Jean Henri Georges Laguerre (24 June 1858 - 17 June 1912) was a French lawyer and politician.

Born in Paris, he was called to the bar in 1879 and distinguished himself by brilliant pleadings in favour of socialist and anarchist leaders, defending Prince Kropotkine at Lyon in 1883, and Louise Michel in the same year. In 1886, with Alexandre Millerand as a colleague, he defended Ernest Roche and Duc Quercy, the instigators of the Decazeville strike. His strictures on the procureur de la Republique on this occasion being declared libellous he was suspended for six months and in 1890 he again incurred suspension for an attack on the attorney-general, Quesnay de Beaurepaire.

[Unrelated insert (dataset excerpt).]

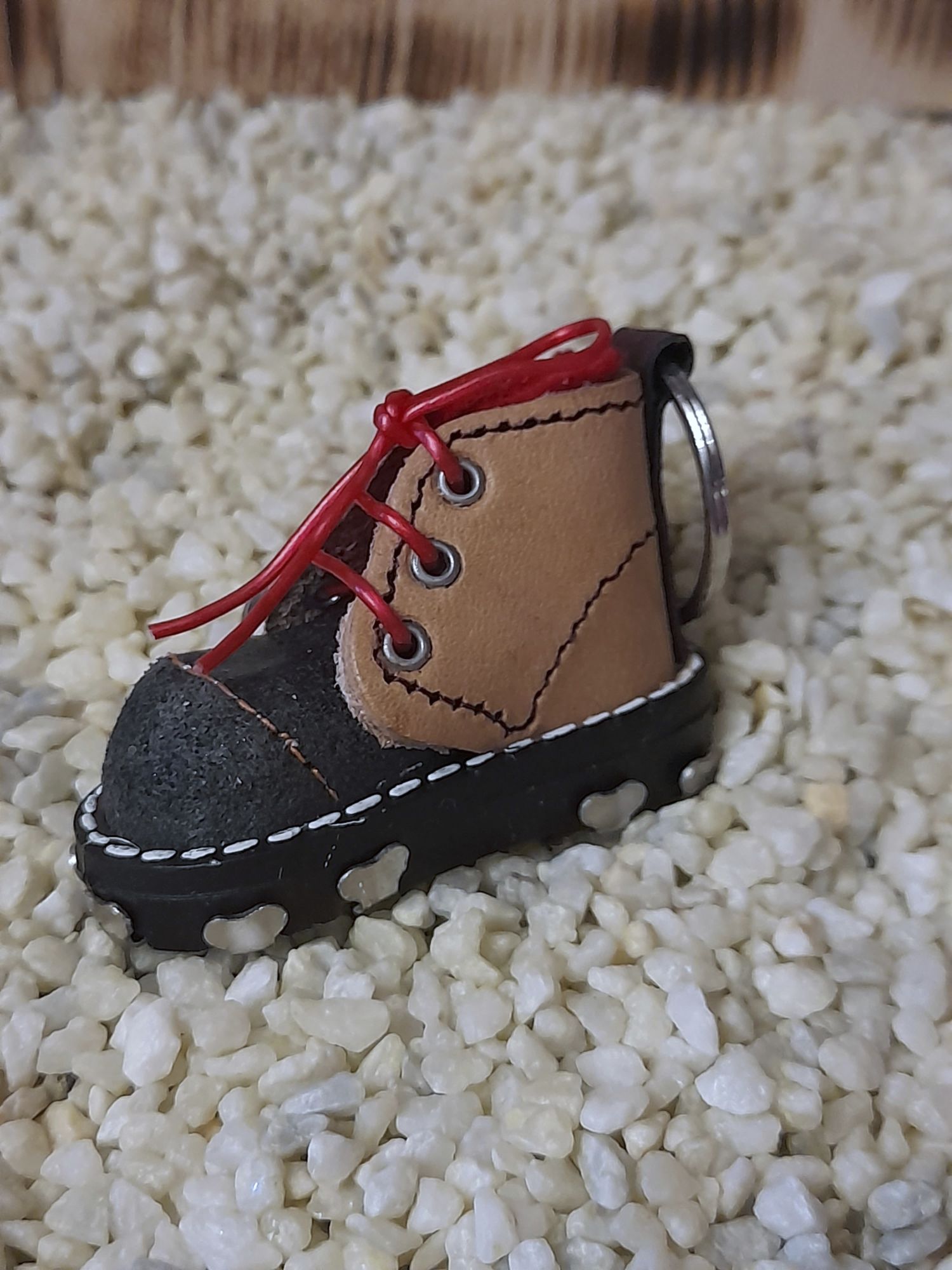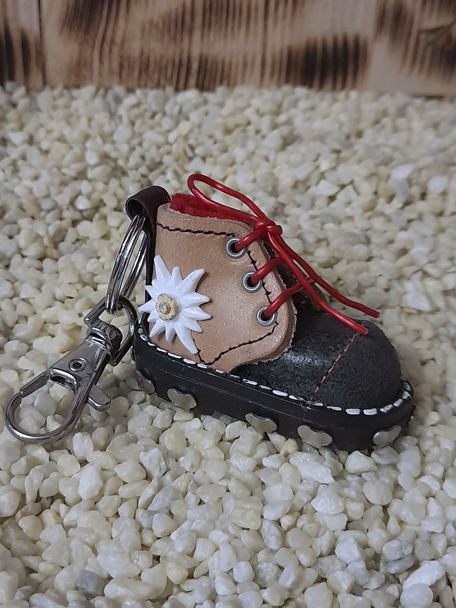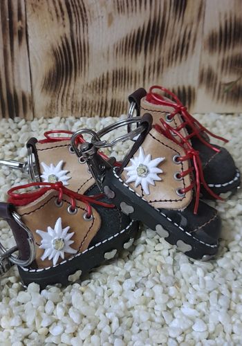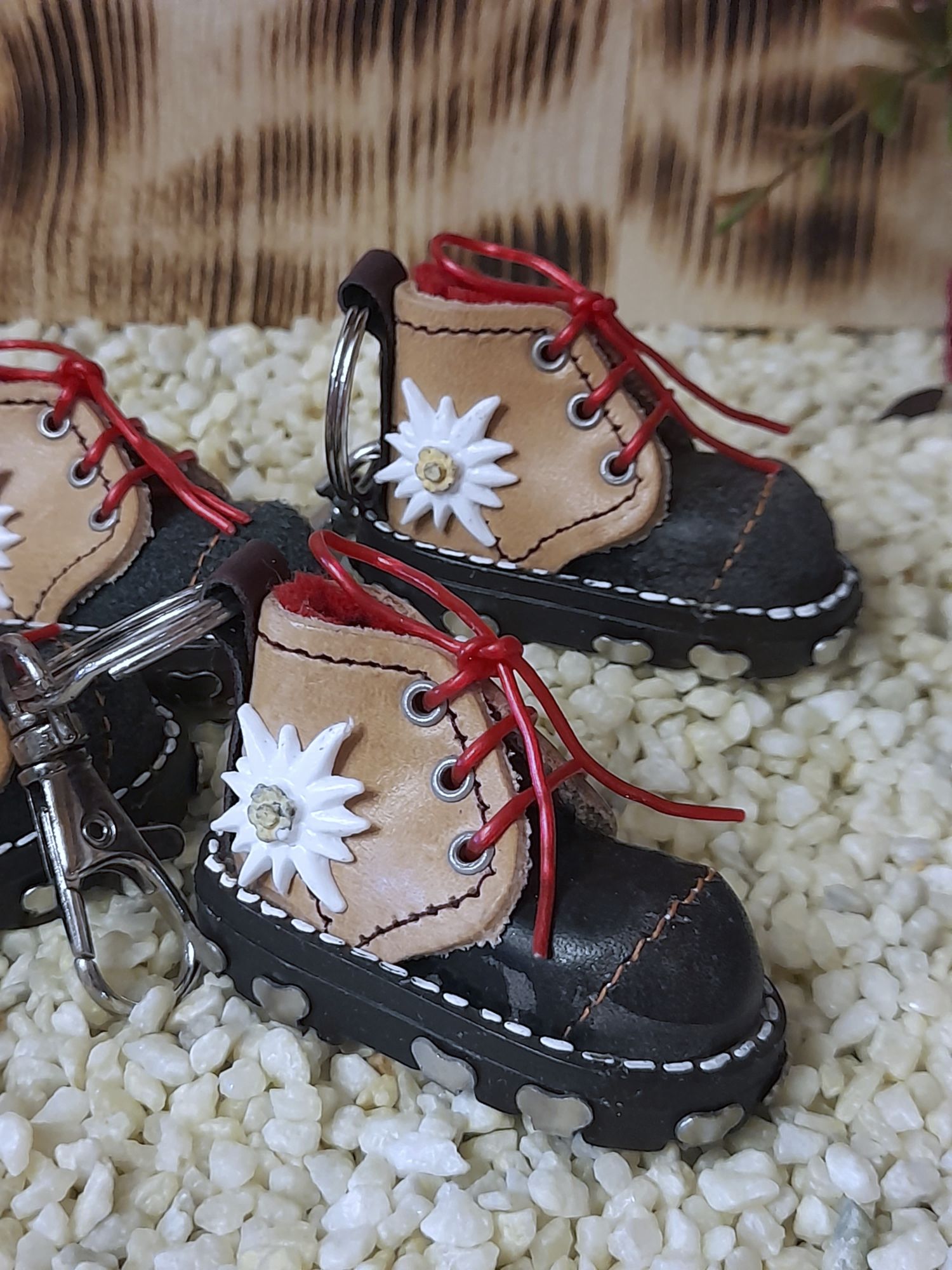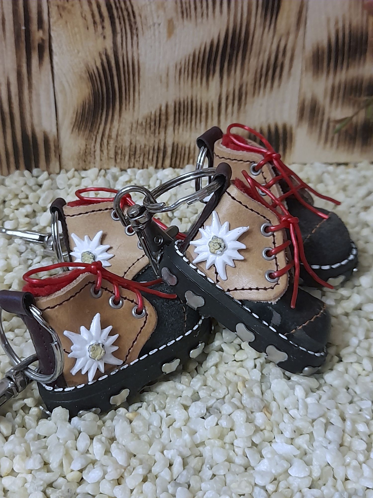 Diese kleinen Miniatur Wanderschuhe sind liebevoll in aufwendiger Handarbeit gearbeitet.

He pleaded in the greatest criminal cases of his time, but from 1893 onwards exclusively in the provinces, his exclusion from the Parisian bar having been secured on the pretext of his connection with La Presse. He entered the Chamber of Deputies for Apt in 1883 as a representative of the extreme revisionist programme, and was one of the leaders of the Boulangist agitation. He had formerly written for Georges Clemenceau's organ La Justice, but when Clemenceau refused to impose any shibboleth on the radical party he became director of La Presse. He rallied to the republican party in May 1891 some months before General Boulanger's suicide. He was not re-elected to the Chamber in 1893.

Laguerre was an excellent lecturer on the revolutionary period of French history, concerning which he had collected many valuable and rare documents. He interested himself in the fate of the "Little Dauphin" (Louis XVII), whose supposed remains, buried at Ste Marguerite, proved to be those of a boy of fourteen.